**SUPPLIED DATA**
·····
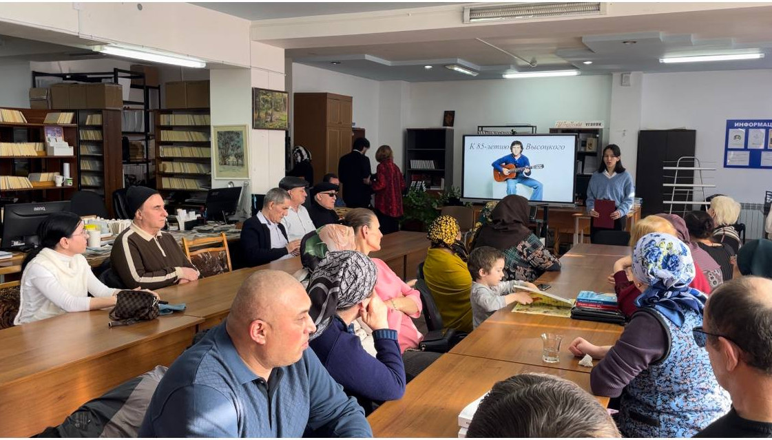 К 85-летию со дня рождения Владимира Высоцкого в Библиотеке для слепых состоялся литературно-музыкальный вечер. 19 января Республиканская специальная библиотека для слепых совместно с Центром традиционной культуры народов России ДК ВОС и Центром социального обслуживания граждан пожилого возраста и инвалидов г. Махачкала провели литературно-музыкальный вечер «Струна, звучащая стихами», посвященный 85-летию со дня рождения известного поэта, актера, певца В. С. Высоцкого. Вечер украсили песни, исполненные певцом-самоучкой Рамазаном Омаровым и учащиеся школы-гимназии №33 Дибирова Валентина и Тузова Руслана прочитали стихотворения. Вечер завершился дружеским чаепитием.
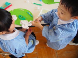 粘土遊びが好きです!丸めたり、伸ばしたり。。。
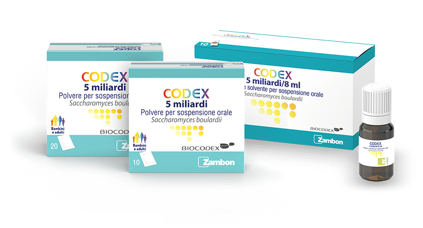 Nei casi di diarrea, anche accompagnata da dolore addominale o gonfiore, Codex svolge un’azione benefica per l’intestino, in quanto è indicato nella prevenzione e nel trattamento del dismicrobismo intestinale, ovvero un’alterazione nell’equilibrio del microbiota intestinale. Il principio attivo di Codex, il lievito Saccharomyces boulardii, svolge la sua attività:
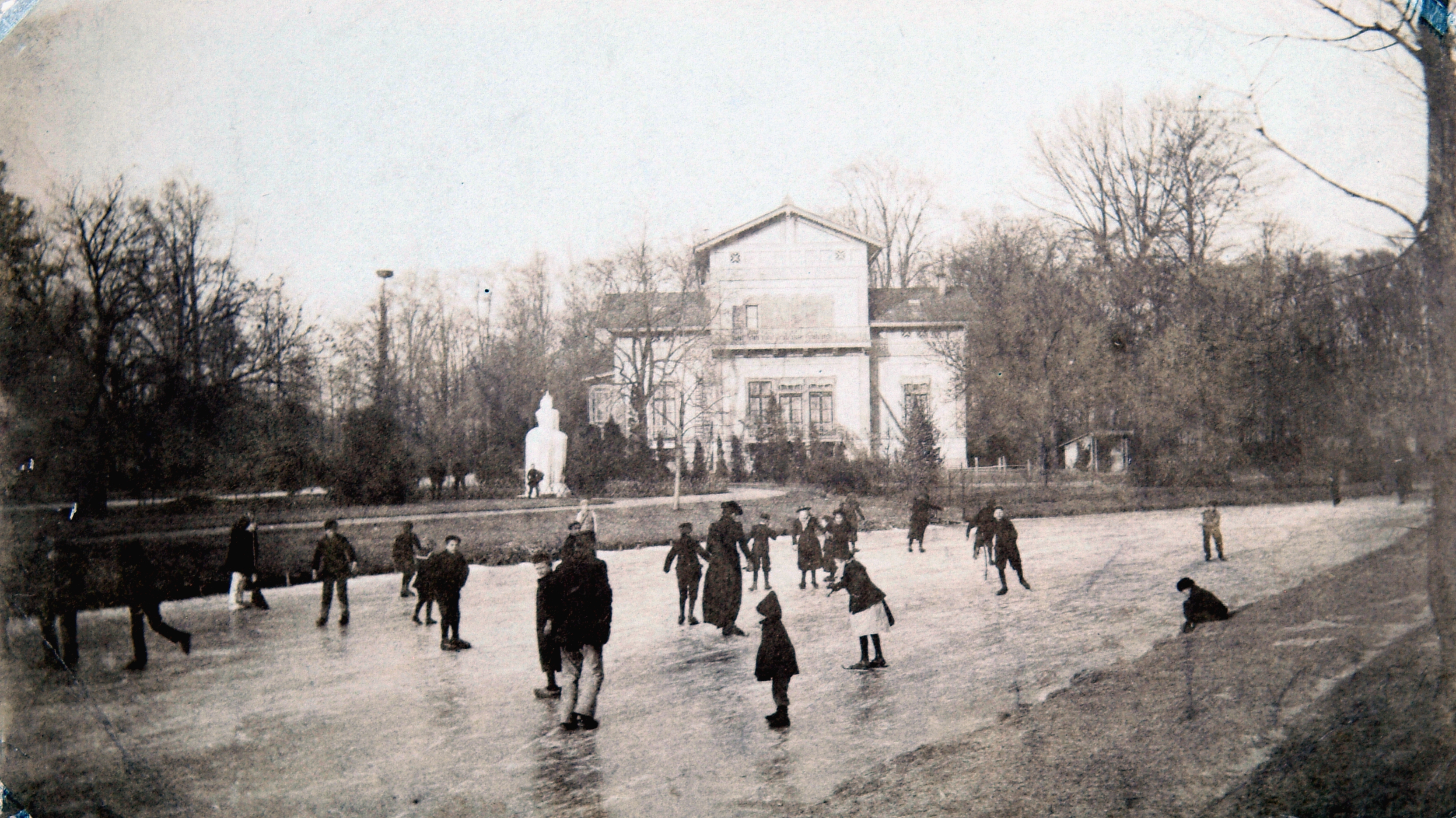 - IJspret op de vijver in park Merwestein langs de Groenedijk. In het park staat villa Merwestein. Opvallend is de bevroren fontein. De derde persoon van links is de baanveger. Links van de villa staat een boom met een ooievaarsnest.
·····
**WHAT YOU ARE ASKED TO DO**
Could the listing above be printed again in full, with every picture omitted?

**OUTPUT OF THE EXERCISE**
 К 85-летию со дня рождения Владимира Высоцкого в Библиотеке для слепых состоялся литературно-музыкальный вечер. 19 января Республиканская специальная библиотека для слепых совместно с Центром традиционной культуры народов России ДК ВОС и Центром социального обслуживания граждан пожилого возраста и инвалидов г. Махачкала провели литературно-музыкальный вечер «Струна, звучащая стихами», посвященный 85-летию со дня рождения известного поэта, актера, певца В. С. Высоцкого. Вечер украсили песни, исполненные певцом-самоучкой Рамазаном Омаровым и учащиеся школы-гимназии №33 Дибирова Валентина и Тузова Руслана прочитали стихотворения. Вечер завершился дружеским чаепитием.
 粘土遊びが好きです!丸めたり、伸ばしたり。。。
 Nei casi di diarrea, anche accompagnata da dolore addominale o gonfiore, Codex svolge un’azione benefica per l’intestino, in quanto è indicato nella prevenzione e nel trattamento del dismicrobismo intestinale, ovvero un’alterazione nell’equilibrio del microbiota intestinale. Il principio attivo di Codex, il lievito Saccharomyces boulardii, svolge la sua attività:
 - IJspret op de vijver in park Merwestein langs de Groenedijk. In het park staat villa Merwestein. Opvallend is de bevroren fontein. De derde persoon van links is de baanveger. Links van de villa staat een boom met een ooievaarsnest.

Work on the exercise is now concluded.